**DATASET CONTENT**
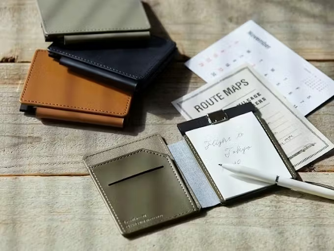 「レザフェスU スライドメモパッド」は、合皮製カバーを備えたメモパッドになっている。とじ具にスライドクリップを採用し、用紙の入れ替えが簡単にできる。
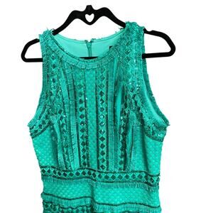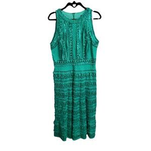 Tadashi Shoji Norma Sequin Fringe Fit & Flare Midi Dress Jasmine Green Womens 10
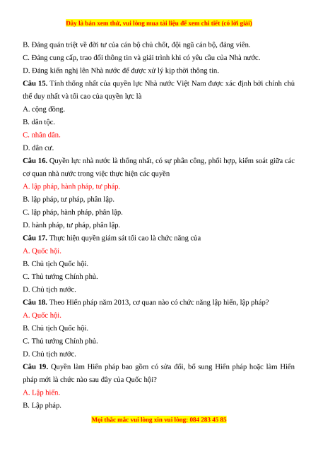 Câu 18. Theo Hiến pháp năm 2013, cơ quan nào có chức năng lập hiến, lập pháp? A. Quốc hội. B. Chủ tịch Quốc hội.

**ABOUT THIS EXERCISE**
Produce a verbatim transcription of every line in the listing, images omitted.

**WRITTEN RESPONSE**
 「レザフェスU スライドメモパッド」は、合皮製カバーを備えたメモパッドになっている。とじ具にスライドクリップを採用し、用紙の入れ替えが簡単にできる。
 Tadashi Shoji Norma Sequin Fringe Fit & Flare Midi Dress Jasmine Green Womens 10
 Câu 18. Theo Hiến pháp năm 2013, cơ quan nào có chức năng lập hiến, lập pháp? A. Quốc hội. B. Chủ tịch Quốc hội.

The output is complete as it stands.